First, we’ll load my package, called ciPlotter. You’ll need to have installed the devtools package.

library(devtools) # you must use devtools to install from a GitHub clone
install_github("paytonk/RPackages/ciPlotter", 
               host="https://github.research.chop.edu/api/v3", quiet=TRUE)
library(ciPlotter)

There’s only one (public) function there, plotEstimates. Let’s see what it does.
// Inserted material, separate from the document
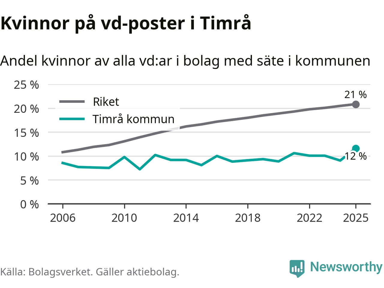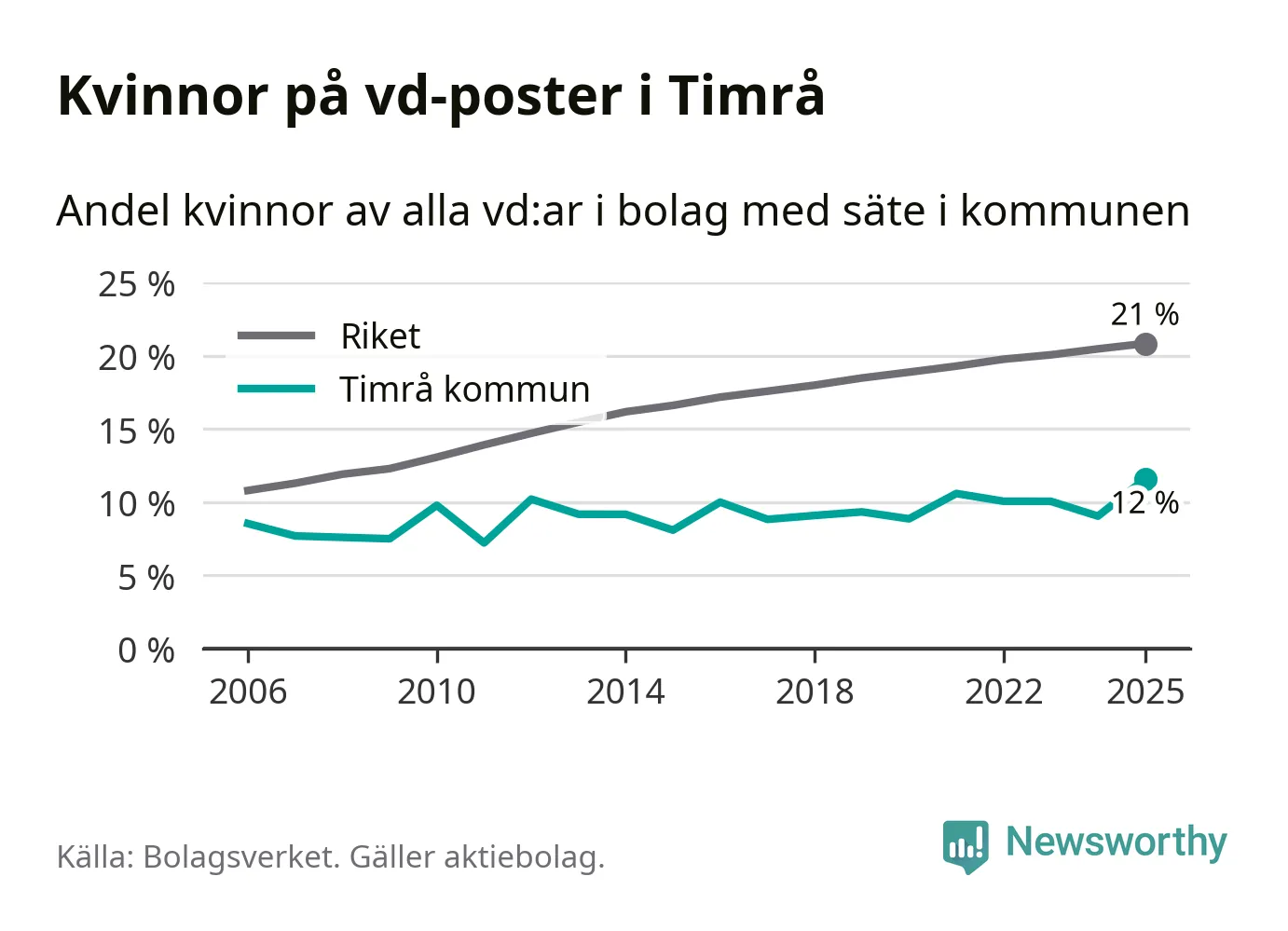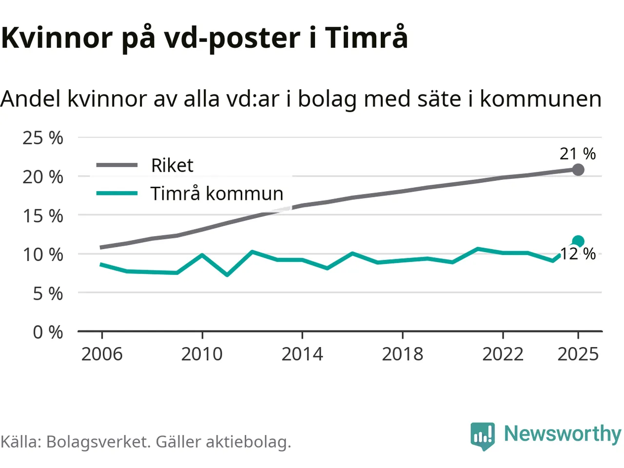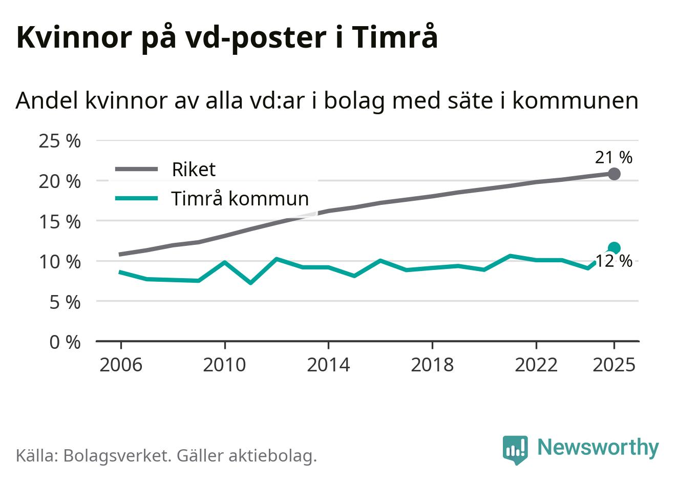 Det är fortfarande män som är vd i nästan fyra av fem bolag i Sverige och i Timrå är det alltså en lägre andel kvinnor på vd-posten. 12 procent är den lägsta andelen av kommunerna i Västernorrland. Högsta andelen kvinnor i länet har företagen med säte i Ånge kommun, 23 procent.

First, let’s plot the sample estimates for “cases”, with no other parameters specified, then using the additional parameters to tailor the plot’s appearance.

Note that in this case, we are passing plotEstimates a list that consists of numerical vectors.

plotEstimates(cases)

point and interval estimates visualization

plotEstimates(cases, 
              confLevel = 0.80, 
              pointColor = "blue", 
              ciColor = "brown",
              yaxis = "reverse")

point and interval estimates visualization

If you don’t have a list of numerical vectors, but just have one sample, you can just pass in a single numerical vector, as long as it has more than one number in it:

plotEstimates(c(10,9,8,12,12,19,10,15))

point and interval estimates visualization

It’s not a full or perfect solution, but it can help you visualize your point and confidence interval estimates in a jiffy. If you like and use this package, let me know!